Happy to provide any other captures you’d like.
all_gather_baseline.log (48.2 KB)
all_gather_topofix.log (39.4 KB)
Spark 1:
nvidia-bug-report.log.gz (507.0 KB)
system-state.txt (2.0 KB)
Spark 2:
nvidia-bug-report.log.gz (438.3 KB)
system-state.txt (1.7 KB)

  1. They published playbook is designed for one port connected. You can run with both ports with different configuration and you should get similar speed.
  2. Running ethtool -i enp1s0f1np1 should show
driver: mlx5_core
version: 6.17.0-1014-nvidia
firmware-version: 28.45.4028 (NVD0000000087)

Please confirm you have this firmware version to eliminate the FW regression bug.

I will review your logs too

@aniculescu — firmware check came back clean. All four mlx5 interfaces across both Sparks report:

driver: mlx5_core
version: 6.17.0-1014-nvidia
firmware-version: 28.45.4028 (NVD0000000087)

Exact match to what you specified, so we can rule out the regression.

While we were running diagnostics we also made progress on the bandwidth itself.
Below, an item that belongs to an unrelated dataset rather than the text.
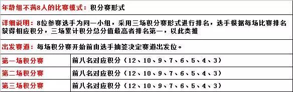 积分赛抽签决定出发赛道; 四、赛事分组

The block turned out to be the bundled AWS OFI NCCL plugin — it was failing on ibv_reg_mr_iova2 (DMABUF GDR on GB10’s unified memory) regardless of our NCCL_IB_DISABLE setting, which forced us down to TCP. Setting NCCL_NET_PLUGIN=none disables the plugin entirely and lets NCCL fall back to its built-in IB transport, and from there everything works.

Numbers from all_gather_perf -b 1G -e 4G -f 2 (2 nodes × 1 GPU, NCCL 2.29.7):

  • Before (TCP, 1 NIC): 1.19 GB/s
  • After (NET/IB, 1 NIC): 13.19 GB/s
  • After (NET/IB, 2 NICs merged via NCCL_IB_MERGE_NICS=1): 20.58 GB/s avg, 21.11 peak at 4 GB

Two follow-ups on that:

First, you mentioned there’s a different configuration to use when both ports are connected. We’re currently running with one port of each CX7 card cabled to its peer on the other Spark (rocep1s0f1 + roceP2p1s0f1). Is that the layout the dual-port config is designed for, and is there a specific playbook we should be following? Want to lock in the right setup before we move on to vLLM TP=2.

Second: journalctl -k on both nodes shows mlx5_core_test_wc: Write combining is not supported on all four mlx5 devices, and an ib_write_bw sweep confirms the small-message WC fingerprint (0.12 Gb/s at 2 bytes ramping up to 109 Gb/s at 64 KB+). Bulk NCCL traffic isn’t affected so it’s not blocking us, but flagging it in case the NEON WC patch is relevant to the ongoing investigation on your end.

I’m glad you’re performance got better.

  1. You’re setup is fine as-is and you should get max bandwidth. Since you have two ports you can connect a second cable but it won’t really help performance, mostly just for redundancy, or if you want to connect to a third system.
  2. Thanks for pointing that out, but I think it is just a warning message.